(Stored data)
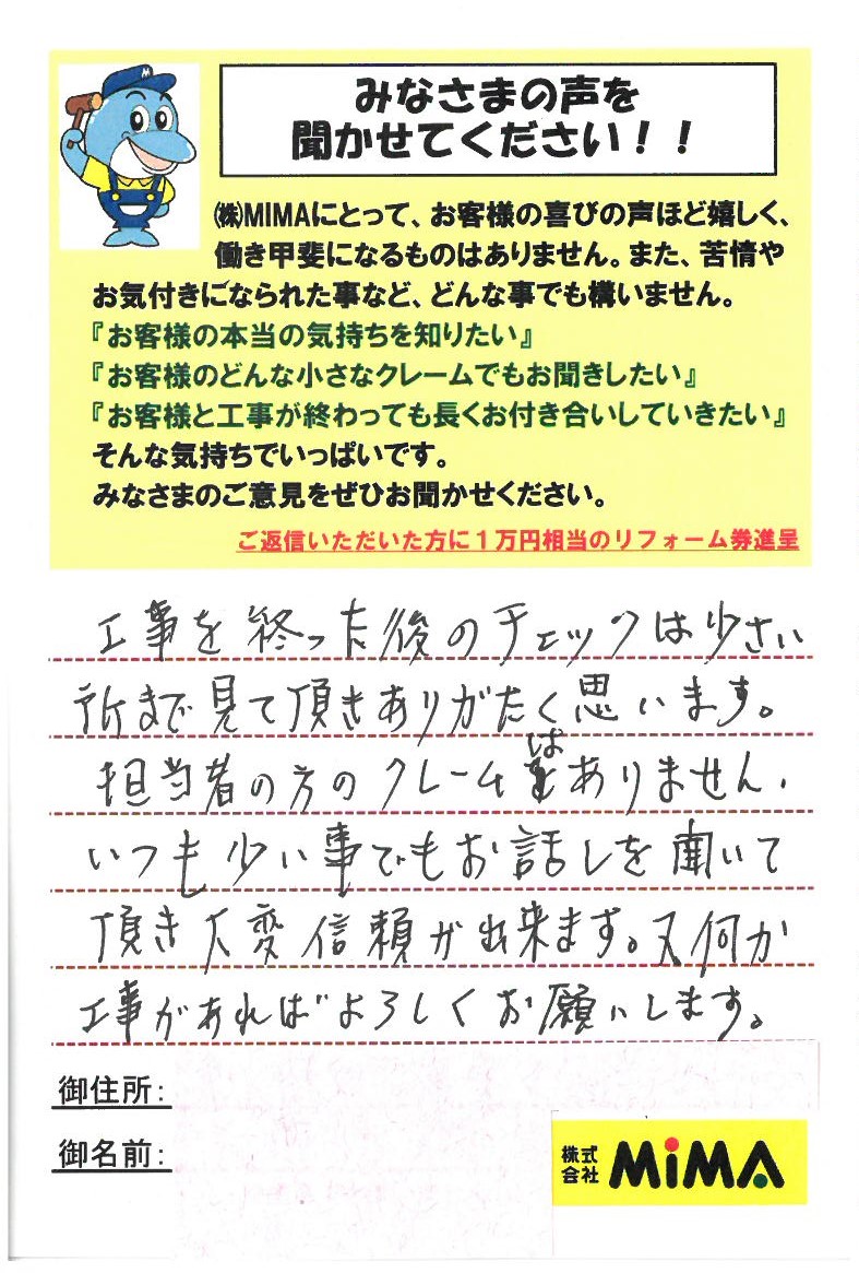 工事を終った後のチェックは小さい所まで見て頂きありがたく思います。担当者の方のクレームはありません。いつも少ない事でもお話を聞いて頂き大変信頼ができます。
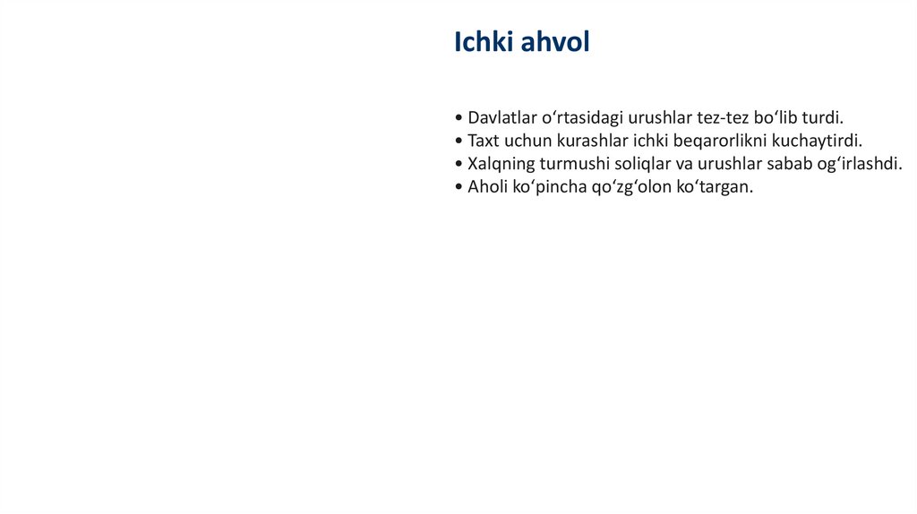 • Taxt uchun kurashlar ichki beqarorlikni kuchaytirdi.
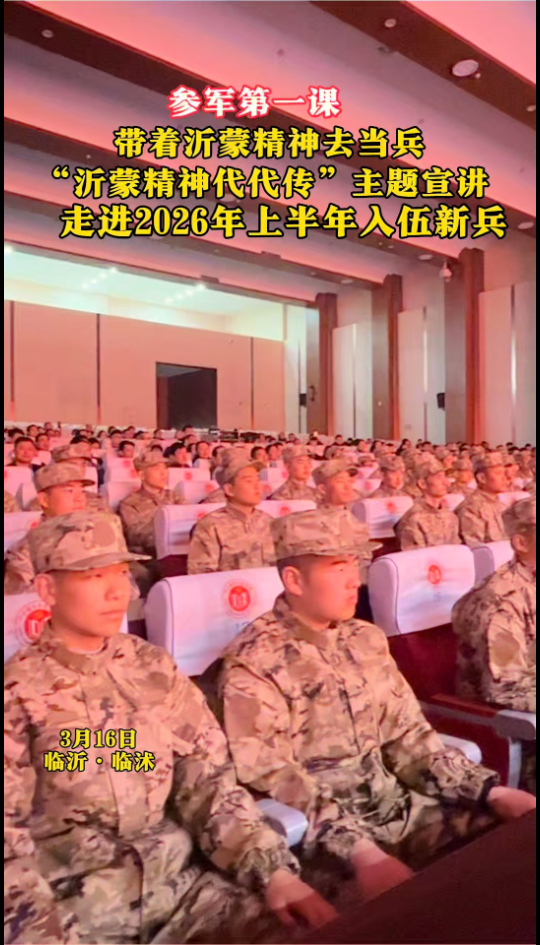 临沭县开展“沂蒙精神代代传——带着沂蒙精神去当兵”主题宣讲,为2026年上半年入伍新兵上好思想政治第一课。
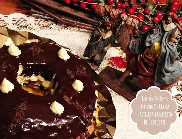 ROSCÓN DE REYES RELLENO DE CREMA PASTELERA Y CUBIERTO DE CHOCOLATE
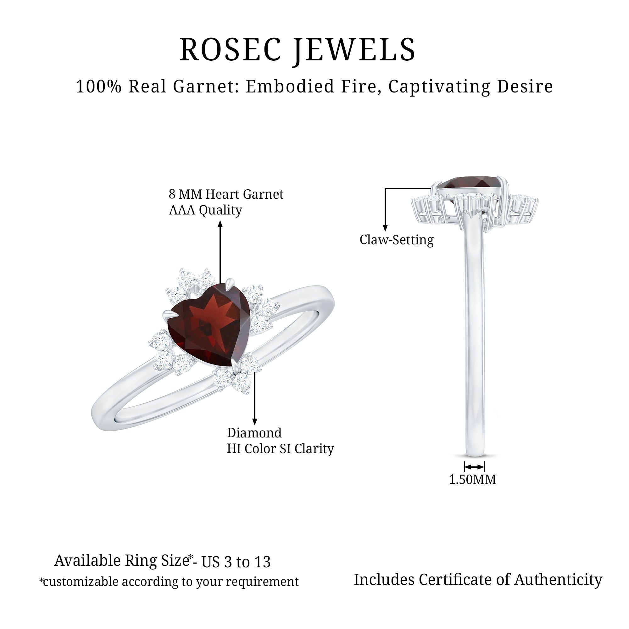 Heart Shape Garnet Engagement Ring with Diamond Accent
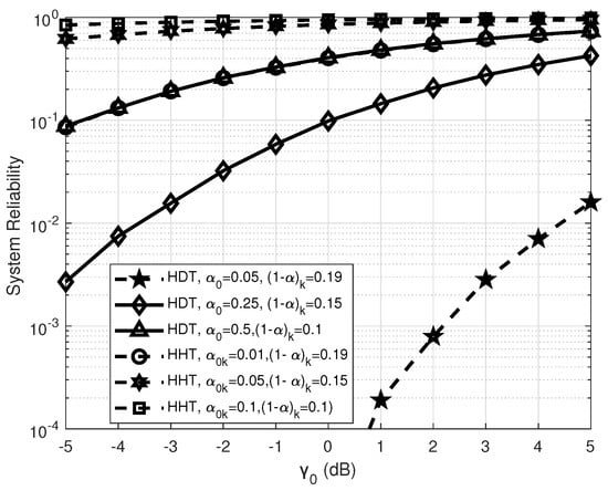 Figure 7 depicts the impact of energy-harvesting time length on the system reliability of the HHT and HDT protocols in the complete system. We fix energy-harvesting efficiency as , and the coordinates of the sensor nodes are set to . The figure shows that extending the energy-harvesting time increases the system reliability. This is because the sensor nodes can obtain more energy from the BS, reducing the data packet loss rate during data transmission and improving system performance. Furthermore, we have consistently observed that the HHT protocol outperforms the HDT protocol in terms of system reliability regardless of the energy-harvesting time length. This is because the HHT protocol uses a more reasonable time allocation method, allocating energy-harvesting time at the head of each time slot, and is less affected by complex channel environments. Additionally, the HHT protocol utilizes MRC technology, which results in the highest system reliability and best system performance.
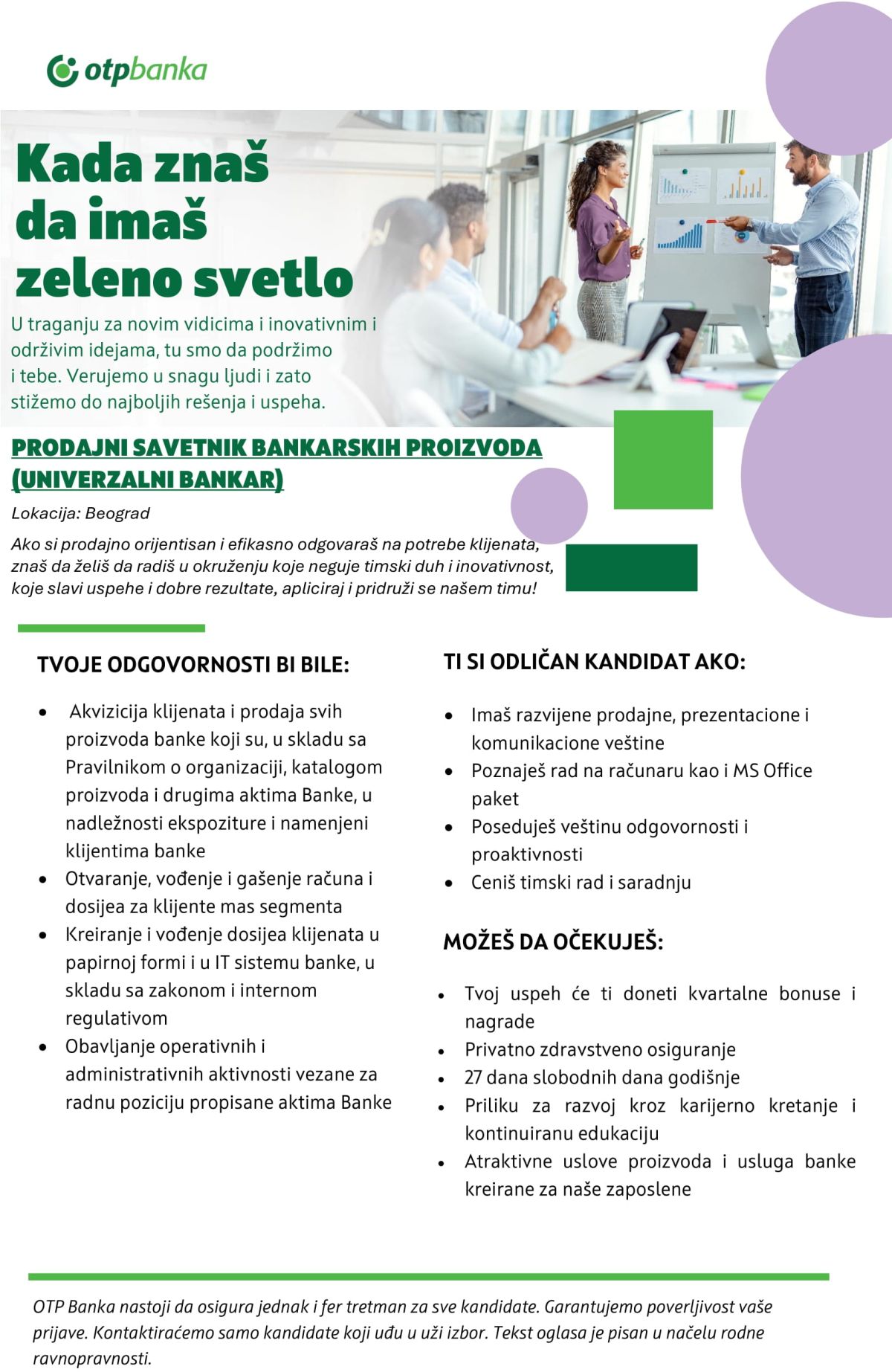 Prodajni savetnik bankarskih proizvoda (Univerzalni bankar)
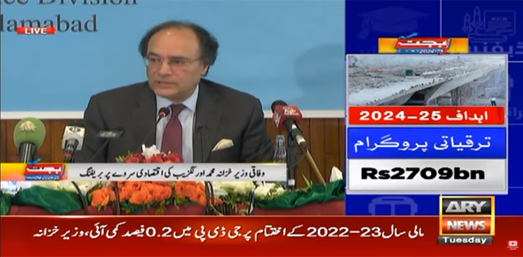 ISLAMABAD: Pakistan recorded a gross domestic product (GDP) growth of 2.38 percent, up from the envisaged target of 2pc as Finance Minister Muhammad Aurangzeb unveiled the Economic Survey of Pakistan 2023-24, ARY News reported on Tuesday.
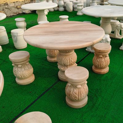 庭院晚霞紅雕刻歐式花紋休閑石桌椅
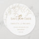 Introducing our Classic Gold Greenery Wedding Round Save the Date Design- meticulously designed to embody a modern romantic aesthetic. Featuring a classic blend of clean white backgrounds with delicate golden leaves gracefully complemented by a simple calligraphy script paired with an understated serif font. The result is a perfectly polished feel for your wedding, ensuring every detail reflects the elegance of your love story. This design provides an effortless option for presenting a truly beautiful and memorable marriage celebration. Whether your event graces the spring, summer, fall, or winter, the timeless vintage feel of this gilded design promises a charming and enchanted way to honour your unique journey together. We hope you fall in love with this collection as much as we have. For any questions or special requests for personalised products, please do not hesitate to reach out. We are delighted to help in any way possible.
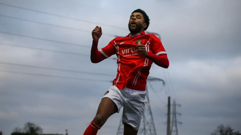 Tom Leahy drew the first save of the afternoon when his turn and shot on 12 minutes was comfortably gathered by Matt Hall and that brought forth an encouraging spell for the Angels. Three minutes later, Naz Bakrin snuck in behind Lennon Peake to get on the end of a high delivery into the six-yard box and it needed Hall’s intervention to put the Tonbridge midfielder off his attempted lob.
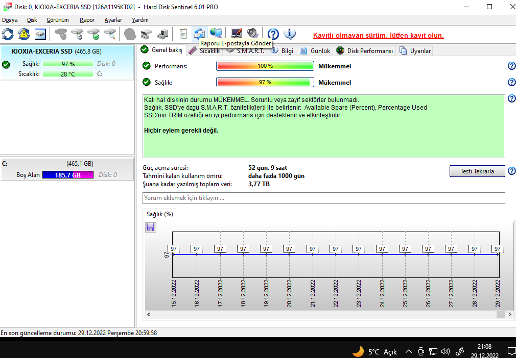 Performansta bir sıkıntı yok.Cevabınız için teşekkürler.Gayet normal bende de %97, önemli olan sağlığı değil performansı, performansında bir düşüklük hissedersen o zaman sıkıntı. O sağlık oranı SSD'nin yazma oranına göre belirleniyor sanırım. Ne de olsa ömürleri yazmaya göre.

[Brief]
All lines above from the one containing "ROSCÓN DE REYES" up to and including the one containing "Heart Shape Garnet" are to be set down exactly, and nothing else. Leave images out.

[Result for this exercise]
 ROSCÓN DE REYES RELLENO DE CREMA PASTELERA Y CUBIERTO DE CHOCOLATE
 Heart Shape Garnet Engagement Ring with Diamond Accent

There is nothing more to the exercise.